[Opening EXTRACTED MATERIAL section]
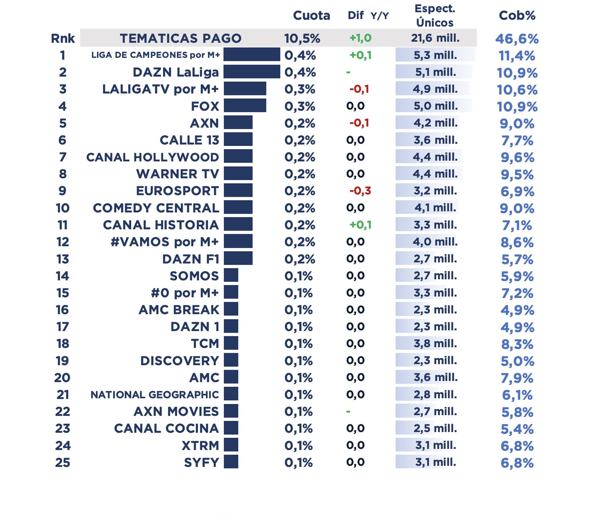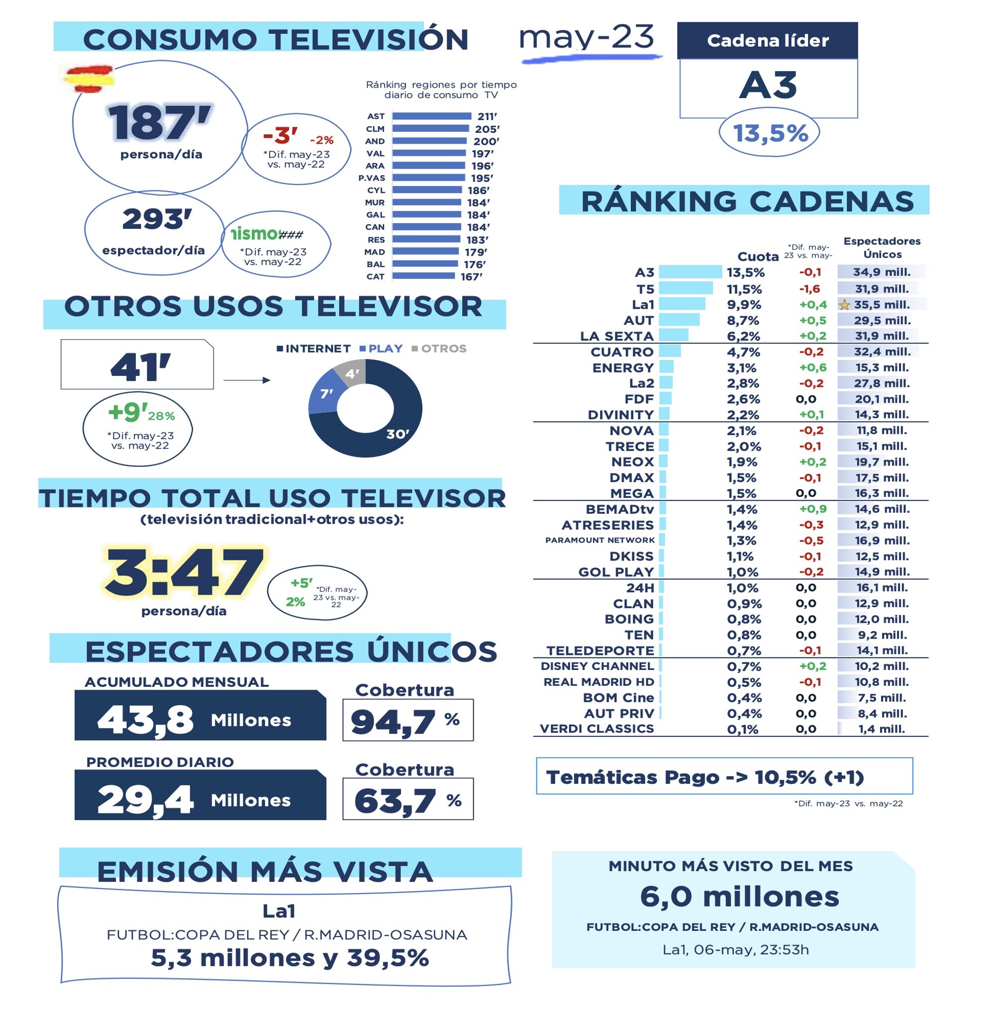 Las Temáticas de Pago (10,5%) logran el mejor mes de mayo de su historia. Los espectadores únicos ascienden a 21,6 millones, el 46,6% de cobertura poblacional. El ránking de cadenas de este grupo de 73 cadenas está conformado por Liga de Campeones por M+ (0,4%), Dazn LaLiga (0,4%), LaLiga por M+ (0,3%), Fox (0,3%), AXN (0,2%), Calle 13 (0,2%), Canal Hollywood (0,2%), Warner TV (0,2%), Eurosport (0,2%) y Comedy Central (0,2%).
[Closing EXTRACTED MATERIAL section]
[Opening EXTRACTED MATERIAL section]
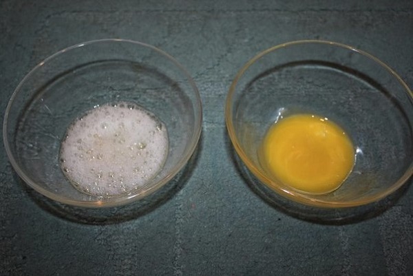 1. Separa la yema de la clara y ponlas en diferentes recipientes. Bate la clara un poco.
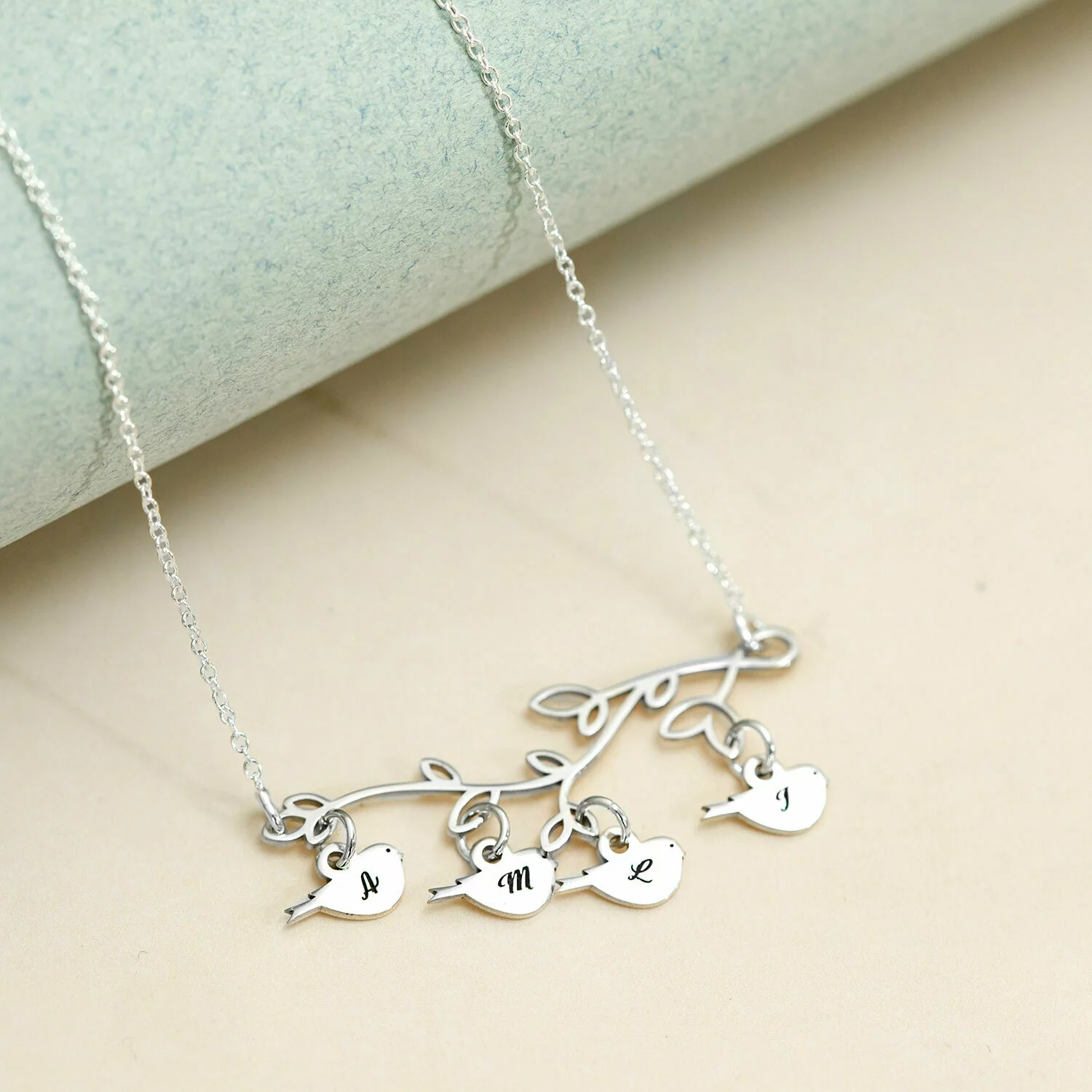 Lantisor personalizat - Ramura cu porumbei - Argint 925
[Closing EXTRACTED MATERIAL section]
Starting at the line containing "1. Separa la" and finishing at the line containing "Lantisor personalizat - Ramura", return those lines exactly as they appear above, without the pictures.

SOLUTION TO THIS TASK:
 1. Separa la yema de la clara y ponlas en diferentes recipientes. Bate la clara un poco.
 Lantisor personalizat - Ramura cu porumbei - Argint 925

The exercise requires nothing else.